::: Given material :::

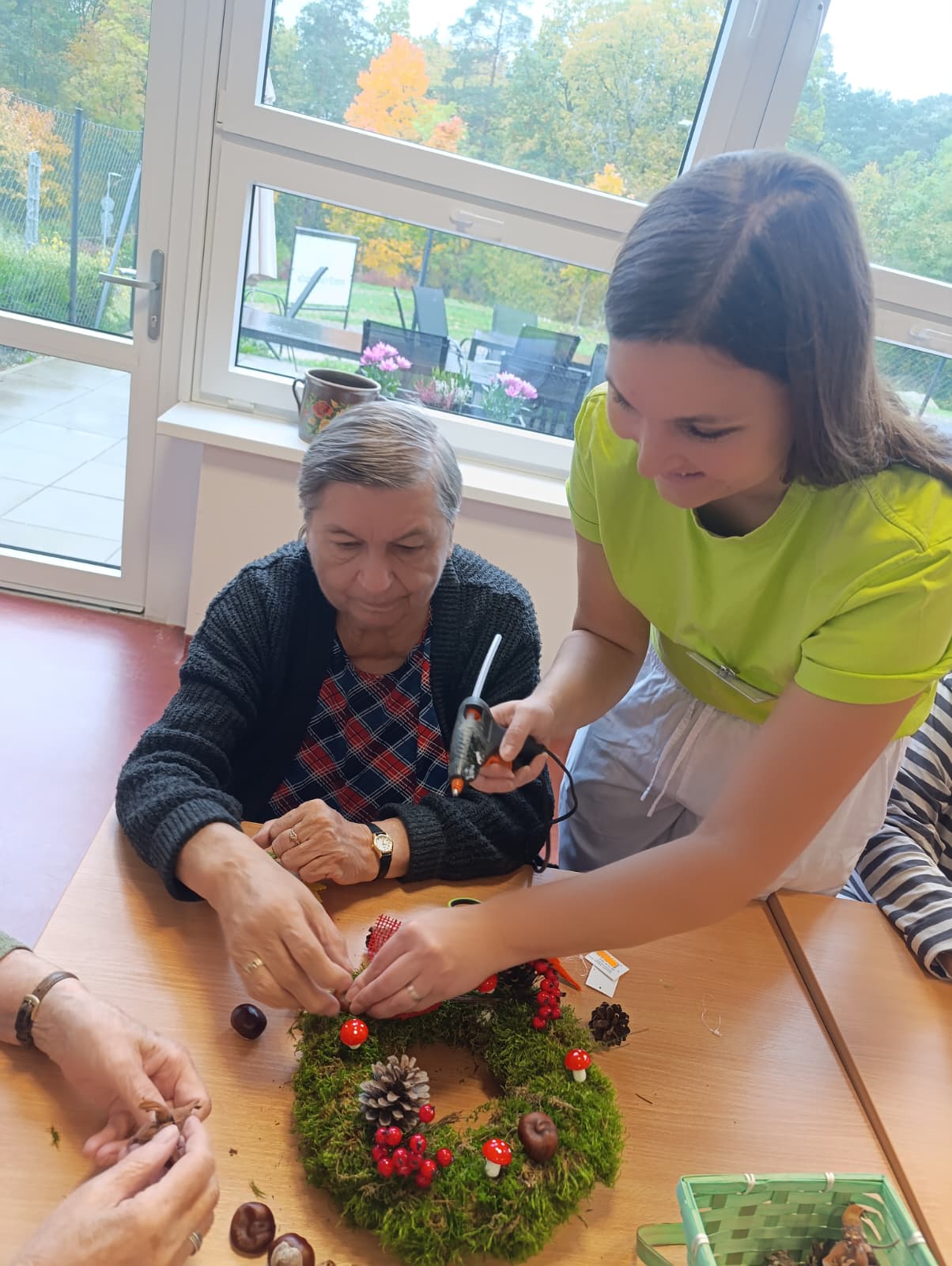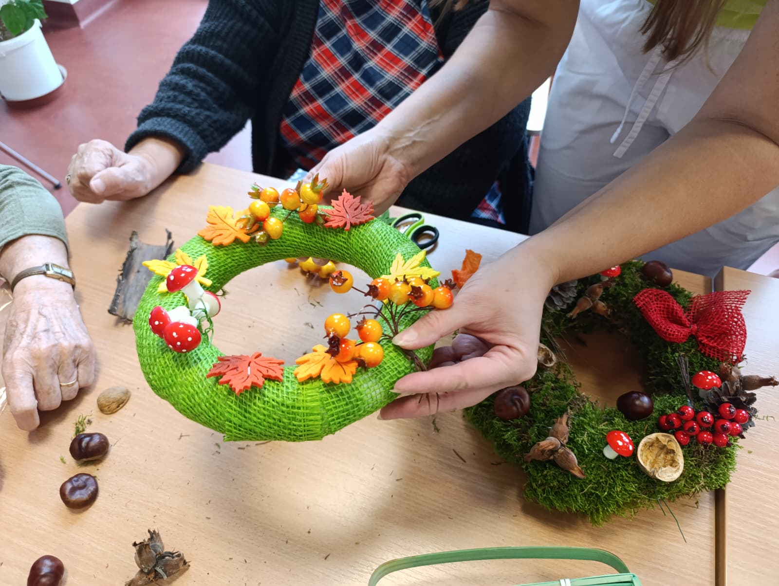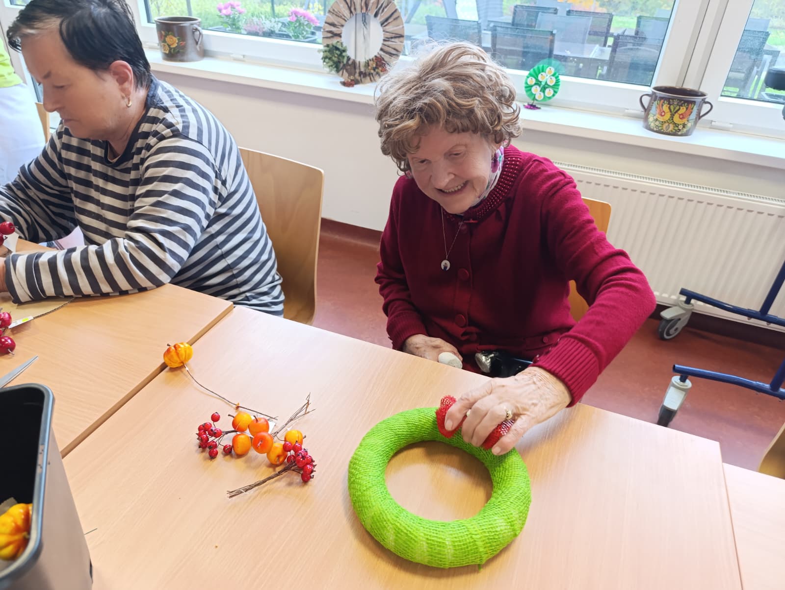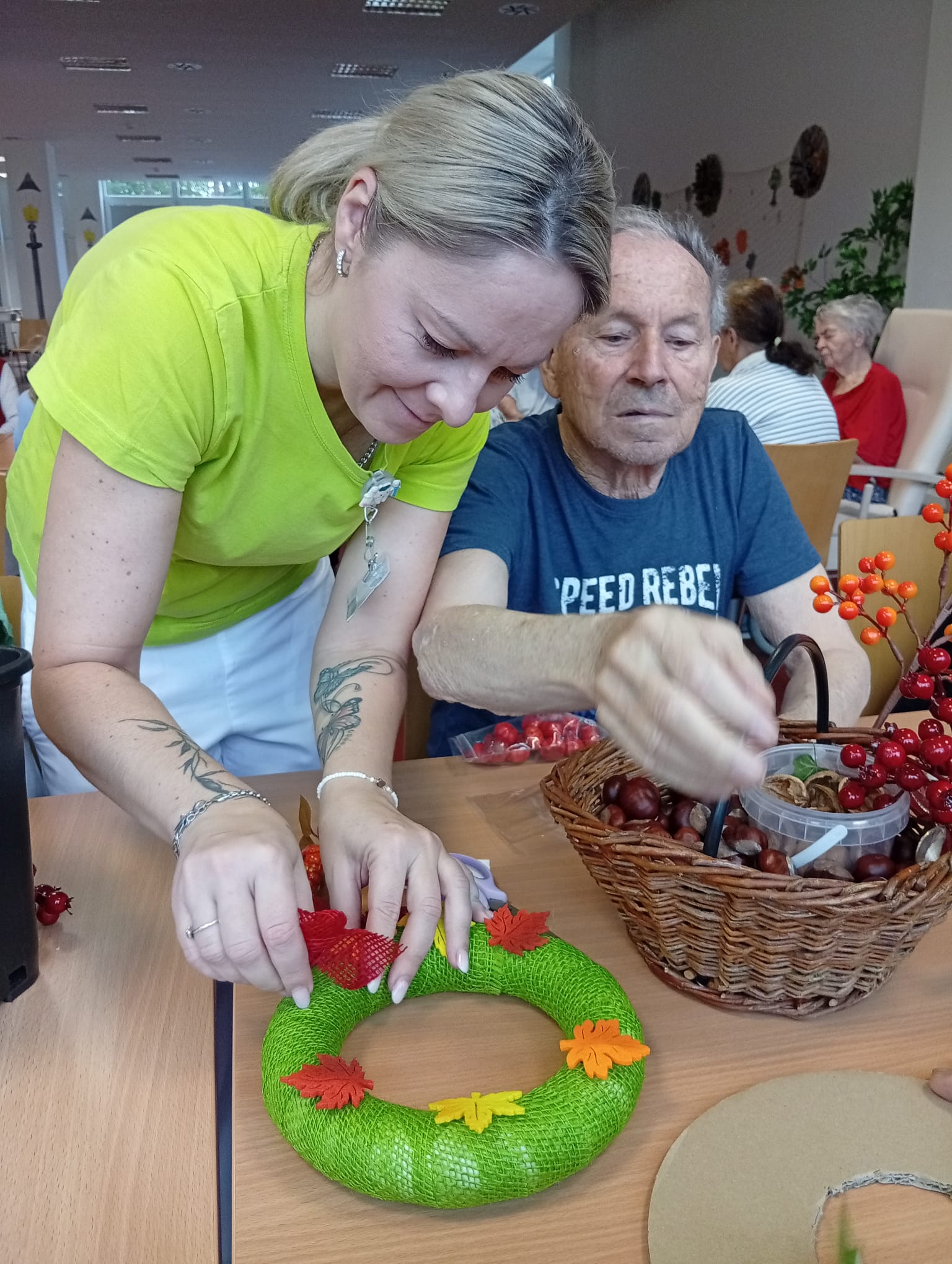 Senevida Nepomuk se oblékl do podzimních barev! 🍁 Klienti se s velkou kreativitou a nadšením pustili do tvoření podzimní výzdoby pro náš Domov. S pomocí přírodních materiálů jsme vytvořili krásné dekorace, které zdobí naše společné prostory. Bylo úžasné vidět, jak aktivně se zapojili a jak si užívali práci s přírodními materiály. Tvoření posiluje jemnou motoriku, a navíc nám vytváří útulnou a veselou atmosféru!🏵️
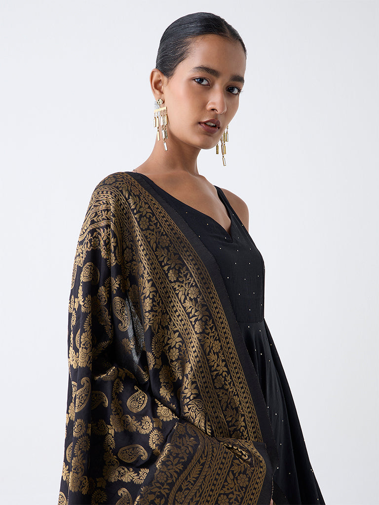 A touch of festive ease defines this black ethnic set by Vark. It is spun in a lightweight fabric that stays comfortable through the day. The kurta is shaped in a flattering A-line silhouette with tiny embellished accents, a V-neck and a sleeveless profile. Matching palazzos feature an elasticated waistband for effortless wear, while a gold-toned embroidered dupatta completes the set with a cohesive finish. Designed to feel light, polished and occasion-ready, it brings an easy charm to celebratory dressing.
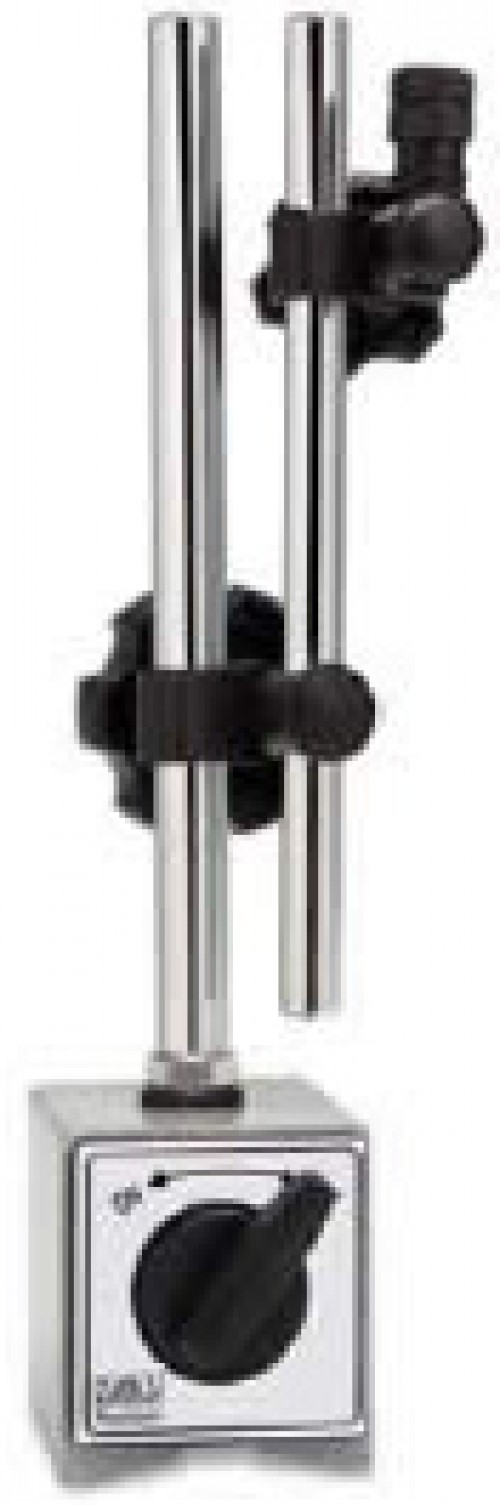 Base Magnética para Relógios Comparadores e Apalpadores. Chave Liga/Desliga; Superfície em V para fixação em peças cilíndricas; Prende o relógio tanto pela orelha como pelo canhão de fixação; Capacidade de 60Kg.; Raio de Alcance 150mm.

:::

**Aim of the exercise:**
Each line above is to be copied exactly, and the pictures are to be dropped.

**Answer to this problem:**
 Senevida Nepomuk se oblékl do podzimních barev! 🍁 Klienti se s velkou kreativitou a nadšením pustili do tvoření podzimní výzdoby pro náš Domov. S pomocí přírodních materiálů jsme vytvořili krásné dekorace, které zdobí naše společné prostory. Bylo úžasné vidět, jak aktivně se zapojili a jak si užívali práci s přírodními materiály. Tvoření posiluje jemnou motoriku, a navíc nám vytváří útulnou a veselou atmosféru!🏵️
 A touch of festive ease defines this black ethnic set by Vark. It is spun in a lightweight fabric that stays comfortable through the day. The kurta is shaped in a flattering A-line silhouette with tiny embellished accents, a V-neck and a sleeveless profile. Matching palazzos feature an elasticated waistband for effortless wear, while a gold-toned embroidered dupatta completes the set with a cohesive finish. Designed to feel light, polished and occasion-ready, it brings an easy charm to celebratory dressing.
 Base Magnética para Relógios Comparadores e Apalpadores. Chave Liga/Desliga; Superfície em V para fixação em peças cilíndricas; Prende o relógio tanto pela orelha como pelo canhão de fixação; Capacidade de 60Kg.; Raio de Alcance 150mm.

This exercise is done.